Description of the task: The answer should match the entries that follow exactly, except that no image appears in it.

Records drawn from a dataset:
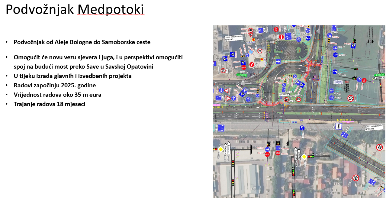 Najavio je i projekt “Podvožnjak Medpotoki“, koji bi trebao povezati Aleju Bologne i Samoborsku cestu, što bi poboljšalo povezanost sjevera i juga. Vrijednost projekta je 35 milijuna eura, a radovi će trajati 18 mjeseci i započet će sljedeće godine.
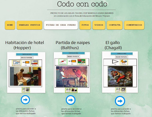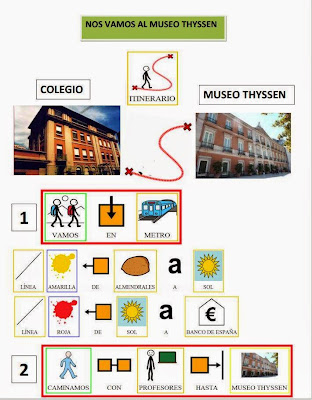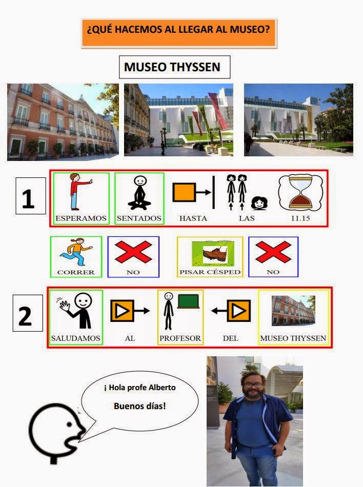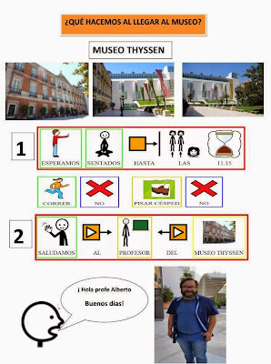 Me encanta la idea que subyace bajo todo el proyecto. Y es que siempre he defendido que tenemos que complementar la señalización de la fachada de los edificios y establecimientos con la creación de tableros de comunicación, documentos impresos, guías, dibujos, etc., que les expliquen a nuestros chicos cómo llegar a ese espacio, cuáles son las normas de comportamiento, qué se puede ver, en qué participaremos, etc. Y en este caso, además, se añaden explicaciones con pictogramas sobre los cuadros más importantes.
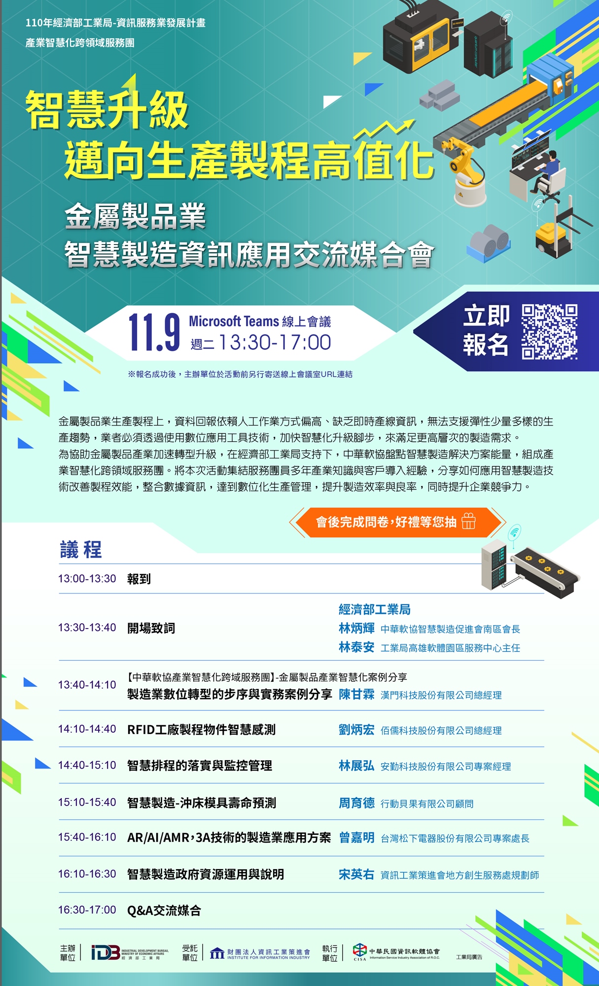 👨活動對象: 金屬製品業、傳統產業與欲做數位轉型規劃之製造業者
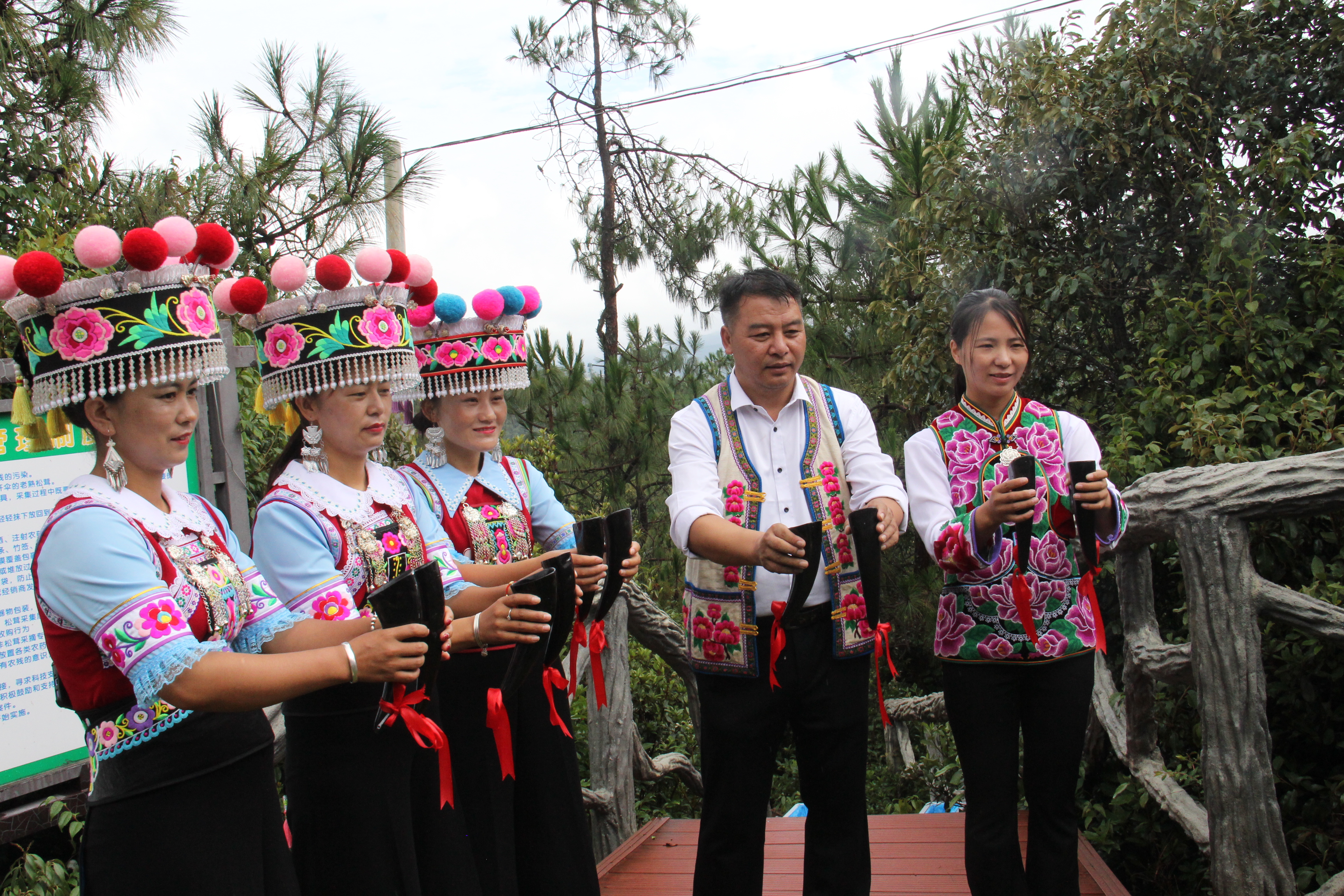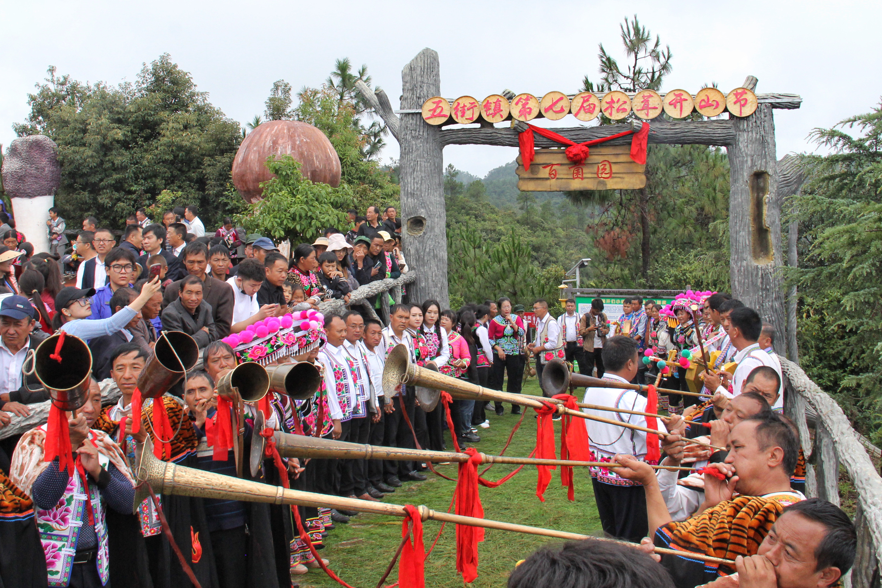 3日早晨,在南华县五街镇美丽的早晨里呼吸着清新的空气,感受着阳光的温暖,松茸、鸡枞、牛肝菌、青头菌等各种各样的“山间精灵们”如雨后春笋般破土而出。随着过山号的响起,各方的人们相聚于此,跟随毕摩的脚步进入百菌园采摘松茸。
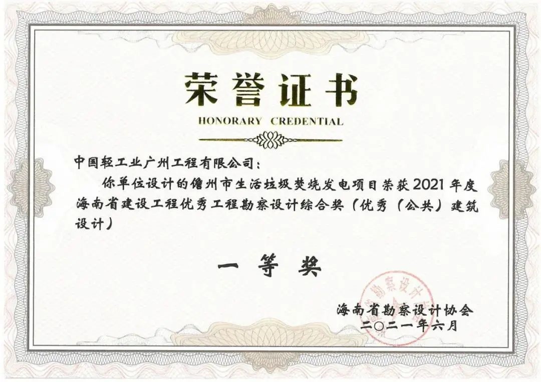近日,海南省優(yōu)秀工程勘察設(shè)計行業(yè)獎評選結(jié)果出爐,中國海誠廣州公司負責(zé)設(shè)計的“儋州市生活垃圾焚燒發(fā)電項目”榮獲海南省建設(shè)工程優(yōu)秀工程勘察設(shè)計綜合獎(優(yōu)秀(公共)建筑設(shè)計)一等獎。
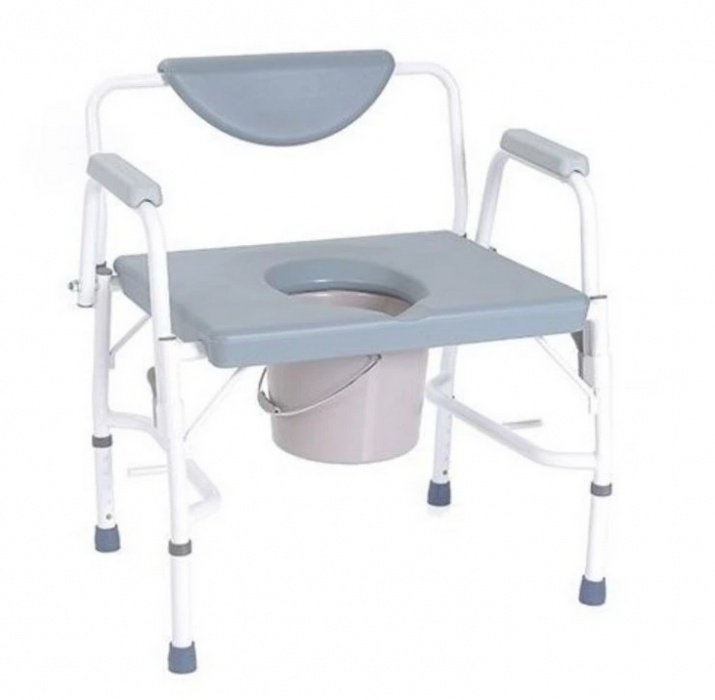 Bariatrické toaletní křeslo má gumové opěrky a stejně tak gumové, protiskluzové konce nohou. Díky nastavitelné výšce lze křeslo přizpůsobit individuálním potřebám jedotlivce. Kovová konstrukce křesla zajišťuje vysokou nosnost až 290 kg.

Exercise output:
 Najavio je i projekt “Podvožnjak Medpotoki“, koji bi trebao povezati Aleju Bologne i Samoborsku cestu, što bi poboljšalo povezanost sjevera i juga. Vrijednost projekta je 35 milijuna eura, a radovi će trajati 18 mjeseci i započet će sljedeće godine.
 Me encanta la idea que subyace bajo todo el proyecto. Y es que siempre he defendido que tenemos que complementar la señalización de la fachada de los edificios y establecimientos con la creación de tableros de comunicación, documentos impresos, guías, dibujos, etc., que les expliquen a nuestros chicos cómo llegar a ese espacio, cuáles son las normas de comportamiento, qué se puede ver, en qué participaremos, etc. Y en este caso, además, se añaden explicaciones con pictogramas sobre los cuadros más importantes.
 👨活動對象: 金屬製品業、傳統產業與欲做數位轉型規劃之製造業者
 3日早晨,在南华县五街镇美丽的早晨里呼吸着清新的空气,感受着阳光的温暖,松茸、鸡枞、牛肝菌、青头菌等各种各样的“山间精灵们”如雨后春笋般破土而出。随着过山号的响起,各方的人们相聚于此,跟随毕摩的脚步进入百菌园采摘松茸。
近日,海南省優(yōu)秀工程勘察設(shè)計行業(yè)獎評選結(jié)果出爐,中國海誠廣州公司負責(zé)設(shè)計的“儋州市生活垃圾焚燒發(fā)電項目”榮獲海南省建設(shè)工程優(yōu)秀工程勘察設(shè)計綜合獎(優(yōu)秀(公共)建筑設(shè)計)一等獎。
 Bariatrické toaletní křeslo má gumové opěrky a stejně tak gumové, protiskluzové konce nohou. Díky nastavitelné výšce lze křeslo přizpůsobit individuálním potřebám jedotlivce. Kovová konstrukce křesla zajišťuje vysokou nosnost až 290 kg.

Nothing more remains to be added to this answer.